◆ **Exercise prompt**
All of the data is to be printed exactly, though the images must be left off.

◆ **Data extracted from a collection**
__________

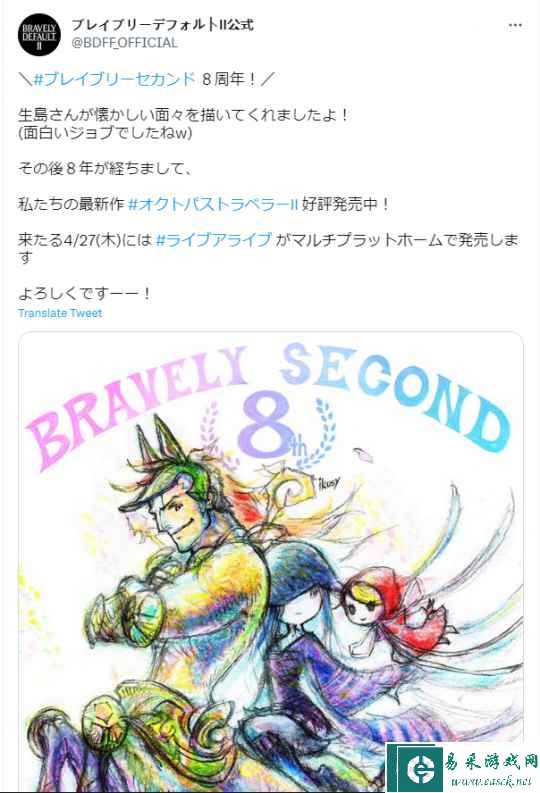 万张原创RPG地图!都在UP对战平台>>>>>> 领取UP对战平台礼包!免费获得美杜莎底纹>>>>>> 今日(4月23日),《勇气默示录2终结次元》官方宣布游戏发售8周年,并发布了由生岛直树绘制的纪念贺图。官方在庆祝同时还表示《歧路旅人2》正在好评发售中,并宣传了即将在4月27日登陆PS5/PS4/Steam平台的《时空勇士》HD-2D重制版。 《勇气默示录2终结次元》是Silicon Studio和史克威尔艾尼克斯为任天堂3DS开发的角色扮演游戏,是任天堂3DS游戏《勇气默示录》的续作,于2015年正式发售。游戏于2021年2月26日在Nintendo Switch平台发售,2021年9月3日在Steam平台发售,支持简繁中文。 |
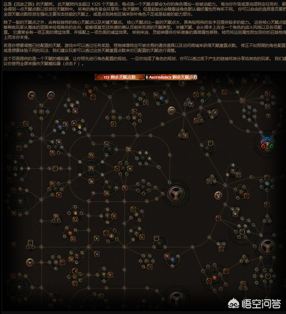 这是《流放之路》的天赋树。 此天赋树内含超过 1325 个天赋点,每点选一个天赋点都会为你的角色增加一些被动能力。 每当你升级或是完成特定任务时,都会得到一点天赋点数以投资在天赋树中。 所有的角色皆会共享同一张天赋树,但是起始点会随着该角色默认偏好属性而有所不同。 你可以自由的选择是否要把全部天赋点数投资在强化主要攻击技能的天赋上,或是点到其他区域来弥补角色不足或是较差的能力部分。
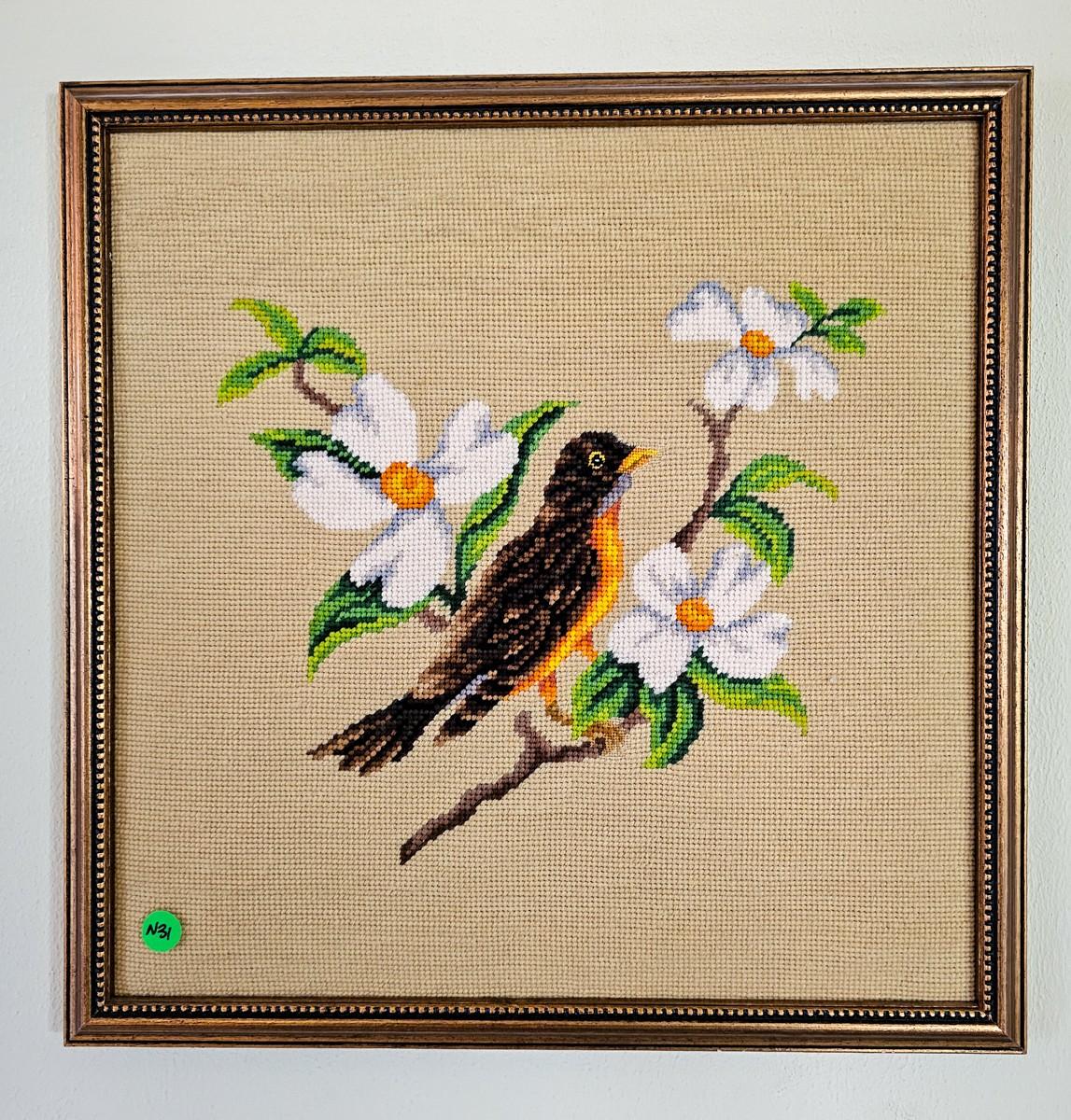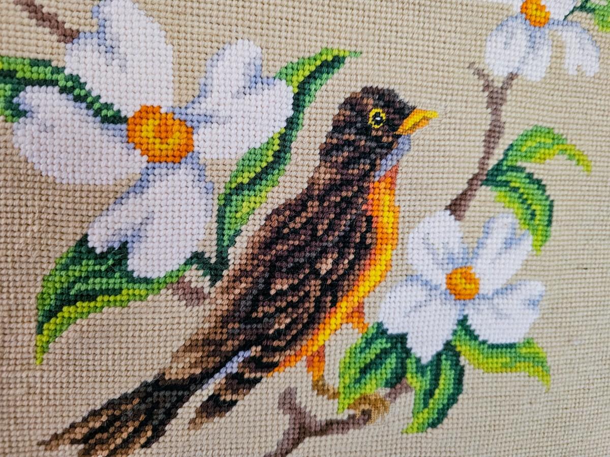 Framed vintage needlepoint depicting a bird on a magnolia branch. 18" x 18"
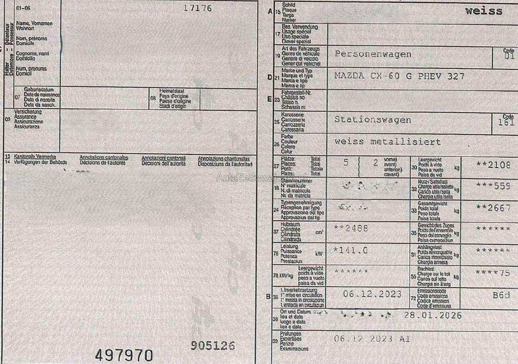MAZDA CX-60 - KH ab 03.2022 (LHD) / 04.2022 CX-60 2.5 PHEV Homura 2.5, 192 PS
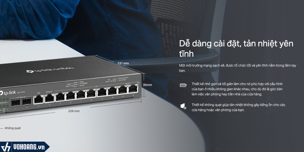 Với thiết kế nhỏ gọn, người dùng có thể thay thế router, hardware controller và switch PoE+. Giờ đây bạn không cần phải cấu hình thủ công từng thiết bị mạng khác nhau. Bạn có thể triển khai thống nhất qua ER7212PC.
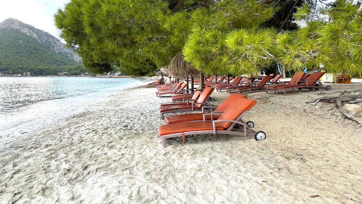 On Mallorca’s north coast you’ll find Formentor Beach. It’s very scenic—a 1.5 km stretch of sand, shaded by pines, perfect for hot days. The sea is shallow and very clear—great for families with kids, even toddlers. Cafés and restaurants by the beach are ideal for lunch, and you can rent sunbeds and umbrellas.

__________

◆ **Result of this task**
 万张原创RPG地图!都在UP对战平台>>>>>> 领取UP对战平台礼包!免费获得美杜莎底纹>>>>>> 今日(4月23日),《勇气默示录2终结次元》官方宣布游戏发售8周年,并发布了由生岛直树绘制的纪念贺图。官方在庆祝同时还表示《歧路旅人2》正在好评发售中,并宣传了即将在4月27日登陆PS5/PS4/Steam平台的《时空勇士》HD-2D重制版。 《勇气默示录2终结次元》是Silicon Studio和史克威尔艾尼克斯为任天堂3DS开发的角色扮演游戏,是任天堂3DS游戏《勇气默示录》的续作,于2015年正式发售。游戏于2021年2月26日在Nintendo Switch平台发售,2021年9月3日在Steam平台发售,支持简繁中文。 |
 这是《流放之路》的天赋树。 此天赋树内含超过 1325 个天赋点,每点选一个天赋点都会为你的角色增加一些被动能力。 每当你升级或是完成特定任务时,都会得到一点天赋点数以投资在天赋树中。 所有的角色皆会共享同一张天赋树,但是起始点会随着该角色默认偏好属性而有所不同。 你可以自由的选择是否要把全部天赋点数投资在强化主要攻击技能的天赋上,或是点到其他区域来弥补角色不足或是较差的能力部分。
 Framed vintage needlepoint depicting a bird on a magnolia branch. 18" x 18"
MAZDA CX-60 - KH ab 03.2022 (LHD) / 04.2022 CX-60 2.5 PHEV Homura 2.5, 192 PS
 Với thiết kế nhỏ gọn, người dùng có thể thay thế router, hardware controller và switch PoE+. Giờ đây bạn không cần phải cấu hình thủ công từng thiết bị mạng khác nhau. Bạn có thể triển khai thống nhất qua ER7212PC.
 On Mallorca’s north coast you’ll find Formentor Beach. It’s very scenic—a 1.5 km stretch of sand, shaded by pines, perfect for hot days. The sea is shallow and very clear—great for families with kids, even toddlers. Cafés and restaurants by the beach are ideal for lunch, and you can rent sunbeds and umbrellas.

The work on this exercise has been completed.